"Do you really need a database?"

smedegaard · April 11, 2017, 9:03am

I’m pretty new to Elixir. I’ve read some books, done a Udemy course, done some exercism and hackerrank problems and started on a Phoenix app.
I was a happy camper, but following the Elixir buzz on this forum, Elixir Fountain and other places I started getting the feeling that the “1.2 way” of doing Phoenix apps was kinda frowned upon by some people.
So I stopped development on my Phoenix app and read a bit more about OTP, watched Chris presentation of Phoenix 1.3 a bunch of times, bought and started reading Lance’s new prag prog book and tried to apply those thoughts and ideas to my app.

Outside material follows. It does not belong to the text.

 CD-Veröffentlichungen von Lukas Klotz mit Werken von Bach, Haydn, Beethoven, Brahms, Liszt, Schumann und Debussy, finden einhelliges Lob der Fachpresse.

Now i bassically feel like a poor noob that is getting told that

“You probably don’t need a database”

But I really can’t see how anything else but a live session kinda thing like a game or a chat could work without persisting data in a database.

Am I misunderstanding this totally? Are there any other poor noobs out there that are getting the same vibe?

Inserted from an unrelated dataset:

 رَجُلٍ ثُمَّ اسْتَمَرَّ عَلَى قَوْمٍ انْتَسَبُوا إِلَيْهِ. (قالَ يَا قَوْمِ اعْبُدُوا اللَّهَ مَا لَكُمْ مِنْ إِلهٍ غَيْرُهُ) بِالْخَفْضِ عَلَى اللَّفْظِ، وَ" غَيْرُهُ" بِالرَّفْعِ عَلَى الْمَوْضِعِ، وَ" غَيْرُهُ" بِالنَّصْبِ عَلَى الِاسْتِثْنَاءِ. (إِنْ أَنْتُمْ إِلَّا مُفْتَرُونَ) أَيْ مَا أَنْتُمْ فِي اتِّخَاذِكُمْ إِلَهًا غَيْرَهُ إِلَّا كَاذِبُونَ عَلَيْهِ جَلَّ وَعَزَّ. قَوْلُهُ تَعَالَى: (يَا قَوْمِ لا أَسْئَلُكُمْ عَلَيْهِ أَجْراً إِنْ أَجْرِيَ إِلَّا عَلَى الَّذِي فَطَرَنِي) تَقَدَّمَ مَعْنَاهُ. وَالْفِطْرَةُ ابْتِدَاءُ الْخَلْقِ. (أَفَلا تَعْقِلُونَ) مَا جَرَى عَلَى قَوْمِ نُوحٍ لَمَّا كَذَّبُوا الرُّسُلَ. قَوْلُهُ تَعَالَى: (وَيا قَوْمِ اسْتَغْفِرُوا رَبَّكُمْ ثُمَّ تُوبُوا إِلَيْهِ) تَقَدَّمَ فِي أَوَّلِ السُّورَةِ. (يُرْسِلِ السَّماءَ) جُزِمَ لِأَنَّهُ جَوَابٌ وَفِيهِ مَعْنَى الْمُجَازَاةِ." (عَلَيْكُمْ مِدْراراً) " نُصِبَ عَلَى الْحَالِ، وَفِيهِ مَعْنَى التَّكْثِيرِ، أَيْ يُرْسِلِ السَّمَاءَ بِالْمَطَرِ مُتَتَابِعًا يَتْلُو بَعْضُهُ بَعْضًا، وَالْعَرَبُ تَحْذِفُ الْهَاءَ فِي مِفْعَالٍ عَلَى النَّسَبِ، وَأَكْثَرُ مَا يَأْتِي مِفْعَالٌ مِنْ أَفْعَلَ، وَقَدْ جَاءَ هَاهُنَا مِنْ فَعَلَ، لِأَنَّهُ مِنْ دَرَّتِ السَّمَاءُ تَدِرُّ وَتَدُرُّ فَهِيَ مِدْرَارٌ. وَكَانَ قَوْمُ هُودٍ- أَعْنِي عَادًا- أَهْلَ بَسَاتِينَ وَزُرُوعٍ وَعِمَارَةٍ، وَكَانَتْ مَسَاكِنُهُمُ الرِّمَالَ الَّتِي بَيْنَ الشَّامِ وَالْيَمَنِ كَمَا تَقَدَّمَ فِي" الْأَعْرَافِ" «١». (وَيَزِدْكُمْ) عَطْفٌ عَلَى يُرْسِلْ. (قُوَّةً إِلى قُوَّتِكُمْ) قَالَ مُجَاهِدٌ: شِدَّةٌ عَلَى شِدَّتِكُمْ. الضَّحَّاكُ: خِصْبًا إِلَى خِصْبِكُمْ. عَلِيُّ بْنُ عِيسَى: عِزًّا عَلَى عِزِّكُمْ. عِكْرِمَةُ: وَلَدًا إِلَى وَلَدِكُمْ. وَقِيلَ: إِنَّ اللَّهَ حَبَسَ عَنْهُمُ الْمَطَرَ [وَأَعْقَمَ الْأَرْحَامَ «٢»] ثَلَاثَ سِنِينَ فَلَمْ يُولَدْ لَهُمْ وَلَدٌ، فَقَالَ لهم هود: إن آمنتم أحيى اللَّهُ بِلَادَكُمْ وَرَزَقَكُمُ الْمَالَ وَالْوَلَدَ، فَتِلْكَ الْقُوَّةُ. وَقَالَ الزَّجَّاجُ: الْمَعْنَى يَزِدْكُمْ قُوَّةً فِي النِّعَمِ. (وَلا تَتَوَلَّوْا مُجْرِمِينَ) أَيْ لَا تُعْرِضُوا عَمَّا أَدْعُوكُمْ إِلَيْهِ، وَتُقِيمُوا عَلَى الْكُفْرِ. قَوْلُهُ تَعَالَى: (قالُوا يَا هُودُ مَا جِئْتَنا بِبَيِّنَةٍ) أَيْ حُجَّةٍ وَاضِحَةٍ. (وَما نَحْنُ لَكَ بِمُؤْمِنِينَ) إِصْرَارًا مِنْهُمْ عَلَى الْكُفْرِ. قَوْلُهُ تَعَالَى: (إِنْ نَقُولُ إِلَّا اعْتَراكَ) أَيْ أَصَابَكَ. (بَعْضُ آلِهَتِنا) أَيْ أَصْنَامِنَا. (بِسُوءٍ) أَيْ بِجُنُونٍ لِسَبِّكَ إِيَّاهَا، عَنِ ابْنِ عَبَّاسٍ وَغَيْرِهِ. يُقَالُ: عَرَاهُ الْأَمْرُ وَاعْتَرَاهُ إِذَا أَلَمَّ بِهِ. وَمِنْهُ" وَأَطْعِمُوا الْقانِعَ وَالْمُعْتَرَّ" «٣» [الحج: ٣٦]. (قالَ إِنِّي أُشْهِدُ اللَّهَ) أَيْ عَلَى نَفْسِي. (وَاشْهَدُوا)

tyro · April 11, 2017, 9:10am

Well, it really depends on what you are doing. There’s no one size fits all solution here. That said, I reckon most web apps do use, and do need, at least one database.

With regard to phoenix, there are certainly some new ‘best practices’ in 1.3 but they don’t concern whether you should use a db or not.

NobbZ · April 11, 2017, 9:11am

Well, most of this thoughts about not needing a database assume a basic thing: You never shut down your application.

If this is a fact and you can guarantee that it will never shutdown, then leave DBs completely.

But since you can’t guarantee zero downtime, you have to persist your data somehow.

To persist your data and getting it back into your live system, you have a couple of options:

Put them into a databse of any kind (SQL or not doesn’t matter) and reload it when necessary
Log changes of the system into a file. On restart load that file and “replay”
Combine both ways.
probably others

One of the most important things to remember to understand that mantra is, that it means “you don’t need the database as primary source of truth, but it may be a valid backup strategy”.

DianaOlympos · April 11, 2017, 9:19am

To follow on others : Have an app that write in multiple place so there is always one that is never shut down.

Of course it is not the most practical thing, and in general you would not do that like that.

But the use case i see the most out there for database (and i include redis and co into it) is to make it handle your distribution and concurrency problems.

gon782 · April 11, 2017, 9:24am

As the saying goes (I forget who originally said it):

“The database is not the truth: it’s a cache of a subset of the truth.”

It’s very valid to use a classic SQL database sparingly in a BEAM application, using it only for persisting in case of emergency reload of “start state”, because we have so many more choices between “no database” and “the database is everything” to work with.

Lots of other languages lack the abstractions for creating data store layers that can work both as the primary source of truth and also persist things to other sources, but they’re so cheap in terms of developer time because of OTP that it’s almost wasteful not to use them and treat everything as if it’s Ruby.

I guess what I want to say, in short, is the question should probably be “Do you really need to read/write to the database all the time, or can you just use it as a bucket where you pull starting state from?”.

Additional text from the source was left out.